HAVANA — Even the very prestigious intellectual Graziella Pogolotti, who has some serious visual disabilities, has managed to notice three recent events that made a big impact in the country.
An excellent article by her, published in the newspaper Juventud Rebelde, ended up reprinted in Granma, the daily newspaper of the Communist Party, “because of its importance” — an unusual step in our journalism.
In essence, Dr. Pogolotti mentioned the Chanel fashion show, the filming of Fast and Furious and the welcome given to the first Miami-Havana cruise ship by some dancers dressed in Cuban flags, an inadequate artistic design. She wrote about the above and added some profound considerations that even the least sophisticated reader could understand. Her topic: our Cubanness.
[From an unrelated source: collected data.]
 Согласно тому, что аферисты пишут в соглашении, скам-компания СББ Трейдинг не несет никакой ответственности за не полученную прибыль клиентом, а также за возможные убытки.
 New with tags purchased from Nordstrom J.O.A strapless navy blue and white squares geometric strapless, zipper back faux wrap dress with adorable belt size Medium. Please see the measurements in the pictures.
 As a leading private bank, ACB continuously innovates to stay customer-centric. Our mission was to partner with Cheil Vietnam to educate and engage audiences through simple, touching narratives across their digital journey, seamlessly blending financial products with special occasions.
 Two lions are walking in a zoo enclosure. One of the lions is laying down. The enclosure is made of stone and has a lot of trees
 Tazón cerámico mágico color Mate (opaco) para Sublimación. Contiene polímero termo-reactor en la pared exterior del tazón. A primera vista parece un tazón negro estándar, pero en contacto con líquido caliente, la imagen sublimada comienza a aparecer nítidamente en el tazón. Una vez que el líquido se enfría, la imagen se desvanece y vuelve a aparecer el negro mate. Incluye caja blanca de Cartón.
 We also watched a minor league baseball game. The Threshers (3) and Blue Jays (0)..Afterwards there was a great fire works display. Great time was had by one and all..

In a few words, Pogolotti interpreted the popular feeling, an aspect apparently forgotten by those who must make decisions, or at least react with last-minute decisions about the current events. Fact is, the dynamics in which we live forces us to make corrections on the go, an action that in no way is an excuse for foolishness or underestimation.
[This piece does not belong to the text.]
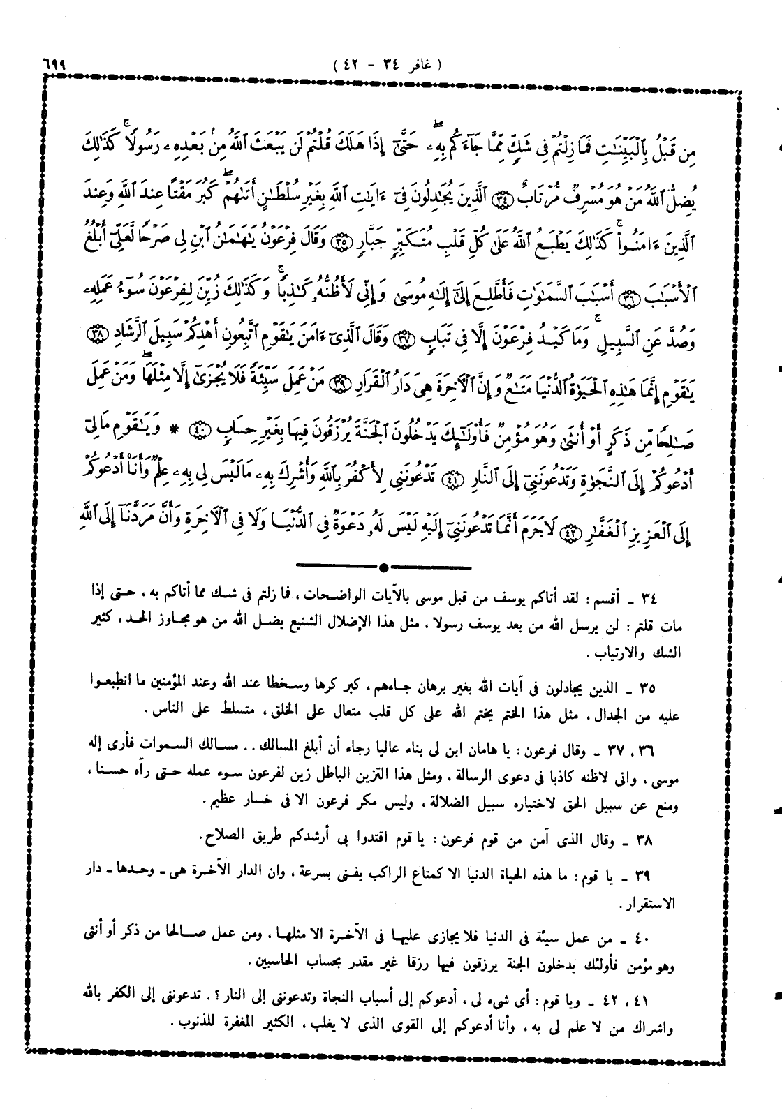 34 - لقد أتاكم يوسف من قبل موسى بالآيات الواضحات، فما زلتم فى شك مما أتاكم به، حتى إذا مات قلتم: لن يرسل الله من بعد يوسف رسولا، مثل هذا الإضلال الشنيع يُضل الله من هو مجاوز الحد، كثير الشك والارتياب.
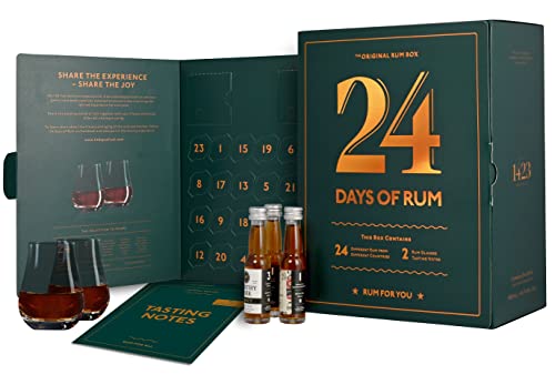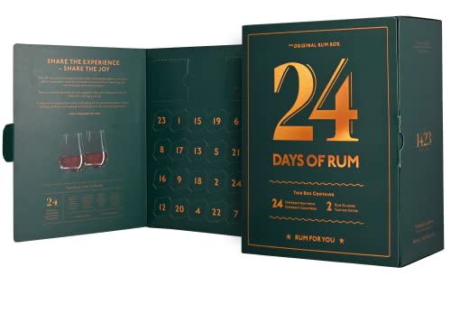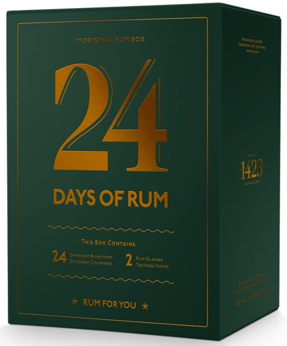 Sie haben 1 Box mit 26 Türen. Hinter den ersten beiden Türen finden Sie ein Degustationsglas, und hinter den mit 1 -24 gekennzeichneten Türen finden Sie eine kleine 2 cl Miniaturflasche mit reichlich Rum für den Tag. Jeden Tag probieren Sie einen neuen Rum aus einem anderen Land. Die Miniaturflaschen haben speziell gestaltete Etiketten mit dem Originalmarkenlabel sowie einer Infobox.

The Chanel show was an excessive nuisance; so was the car-chase thriller, with half of Havana immobilized and that helicopter swooping over our roofs like an Aedes mosquito on steroids.
Why hasn’t anyone deigned so far to tell us how much the organizers of the movie spectacular and the haute-couture show paid for their performance rights, to which bank account that money went, and in what it will be spent?
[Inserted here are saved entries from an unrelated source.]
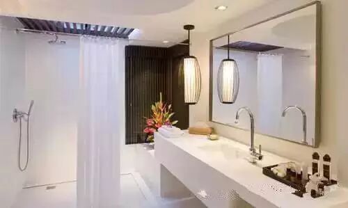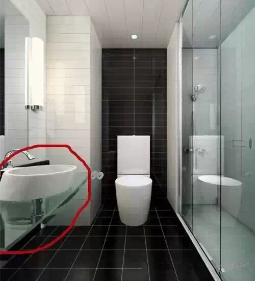 强迫症的朋友卫生间地面避免选择白色和黑色,白色和黑色都是最不耐脏的颜色。卫生间毛发比较多,掉在白色地板上清清楚楚,而黑色上的脚印特别明显。另外第二幅图中画红圈的玻璃台面也是特别难打理的。
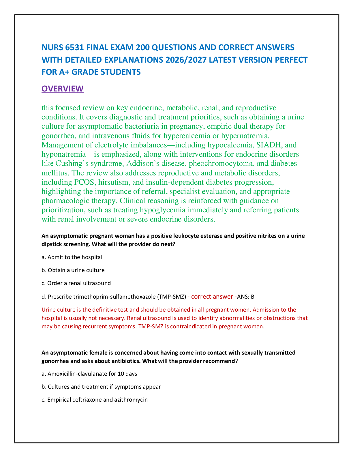 *NURSING > FINAL EXAM > NURS 6531 FINAL EXAM 200 QUESTIONS AND CORRECT ANSWERS WITH DETAILED EXPLANATIONS 2026/2027 LATEST VERSION PERFECT FOR A+ GRADE STUDENTS
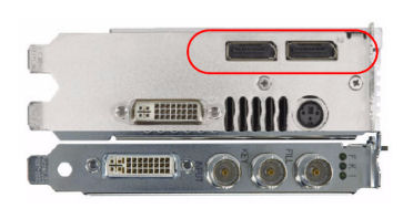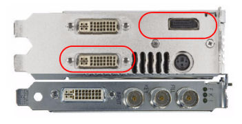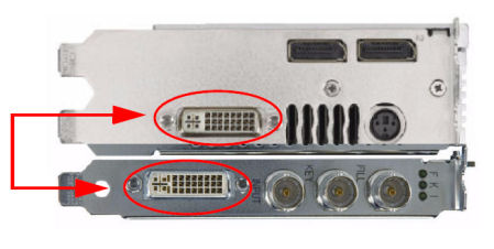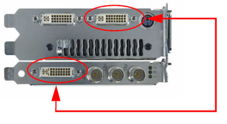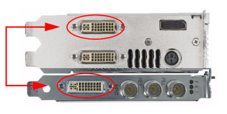 将 DVI 缆线的一端连接到 SDI 输出卡上的 DVI 连接器,另一端连接到 NVIDIA Quadro FX 4600/5600 卡上的“北端”DVI 连接器,如图所示。如果没有缆线连接到这两个连接器上,SDI 输出将无法进行。
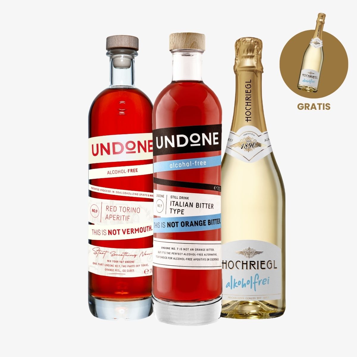 Mixe dir deinen alkoholfreien Negroni Sbagliato (NOgroni Sbagliato) mit UNDONE zu Hause ganz einfach selbst. Dazu gibt es noch 1x Hochriegl Alkoholfrei geschenkt zu jeder Bestellung, für weitere prickelnde Genussmoment ohne Alkohol!
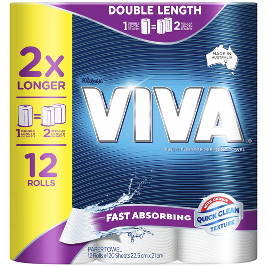 Viva Paper Towels 12 x Double Length Rolls 120 Sheets Each Maximum Absorbency
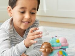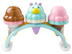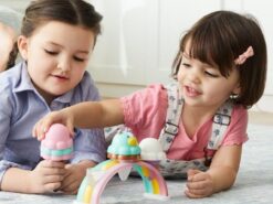 Jedna gałka czy dwie? A może sześć? Maluchy będą tworzyć mnóstwo przysmaków z super słodkim zestawem do robienia lodów! Układane w stosy gałki z magicznymi, zmieniającymi kolor polewami – posypkami to frajda dla dzieci, które odkrywają je po zanurzeniu w zimnej wodzie. Trzy rożki oraz jednorożcowa gałka i tęczowa podstawka do serwowania tworzą 10-częściowy zestaw do zabawy w lodziarnię.
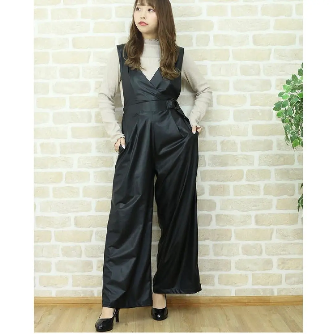 laulea ラウレア カシュクールワイドサロペット エコレザーワイドパンツ
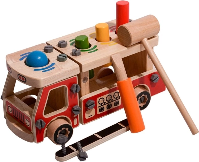 Šis kūrybinis rinkinys sujungia konstruktorių ir kaladėlių kalimo žaidimą viename. Vaikai pirmiausia surenka tvirtą medinę gaisrinę mašiną, o tuomet jos kėbule esančias keturias angas naudoja linksmam spalvotų elementų kalimui plaktuku. Ryškios spalvos ir įvairios formos skatina natūralų mokymąsi ir susikaupimą.
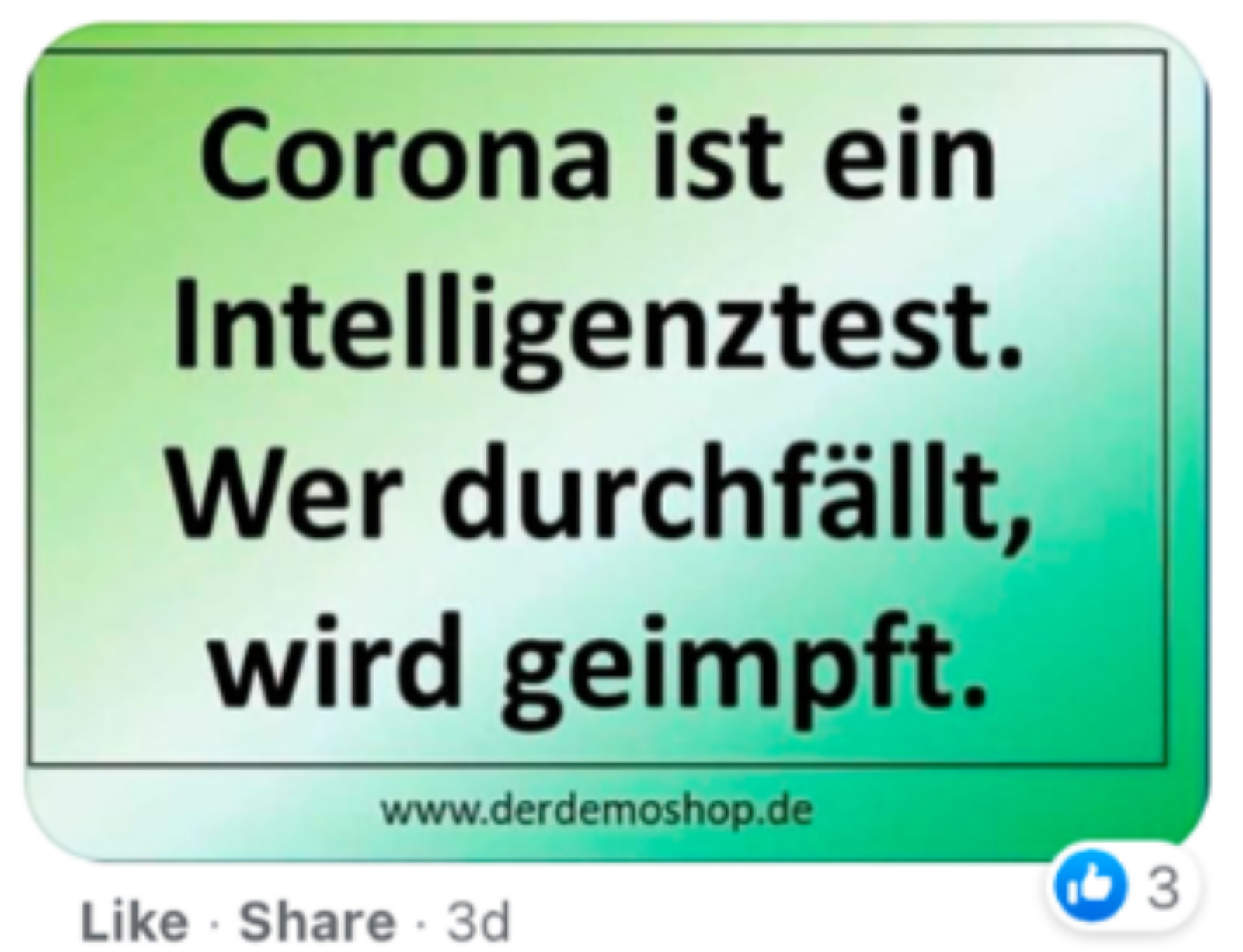 Figure 3. ‘Corona is a test of intelligence. Those who fail, receive the vaccine.’ Via “Extremist Language in Anti-COVID-19 Conspiracy Discourse on Facebook” by Karoline Marko. Critical Discourse Studies, vol. 21, no. 1, 9 Aug. 2022, pp. 92–111. https://doi-org.ezproxy.lib.torontomu.ca/10.1080/17405904.2022.2110134.
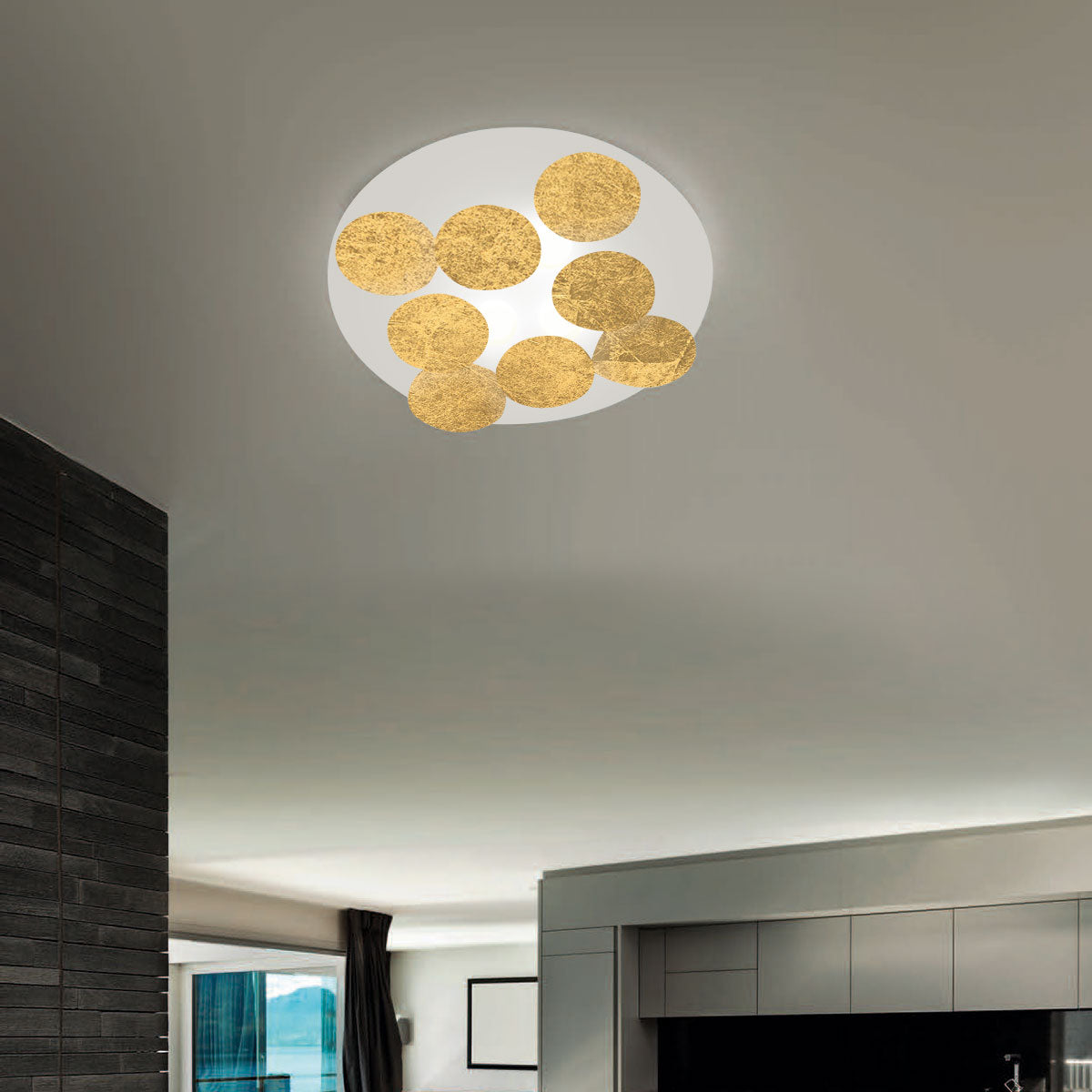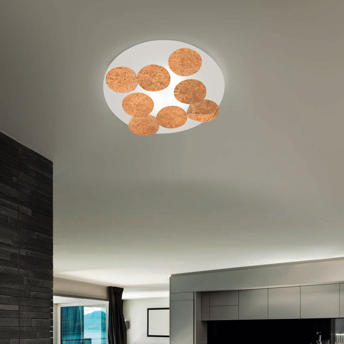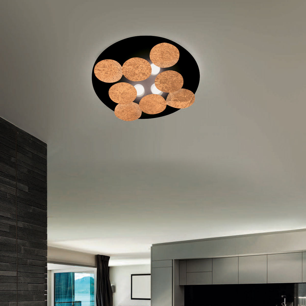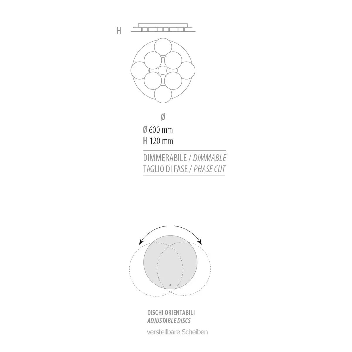 Farben: Außenfarbe: weiß, schwarz; Innenfarbe: weiß, dunkles rost, taupe, blattgold, blattsilber, blattkupfer; Höhe: 12cm; Durchmesser: 60cm; Farbtemperatur: 2700 Kelvin; 40 Watt; 4000 Lumen; Energieeffizienzklasse: G

As my colleague Marcos Bronstein accurately wrote in his blog Sacando el Jugo (Squeezing the Juice), so far the answer is silence. The public servants act as if they weren’t at the service of the public and weren’t obligated to account for themselves.
Accurate information might remind us of the habitual statement by psychologist and professor Manuel Calviño when he ends his TV program by saying “it’s well worth it.”
A grave error in these difficult times is being incapable of palpating the feelings of the citizenry or, worse, dismissing them. The official discourse and the performance of our media outlets should not be out of step daily.
Summer is coming, a season that many street-corner meteorologists predict will be infernal. Tempers could boil. And I’m not alluding to the adversaries and enemies of the process taking place in Cuba today but to those who are convinced that Cuba must change under the flag of a better socialism — with respect for the will of the majority of its citizens.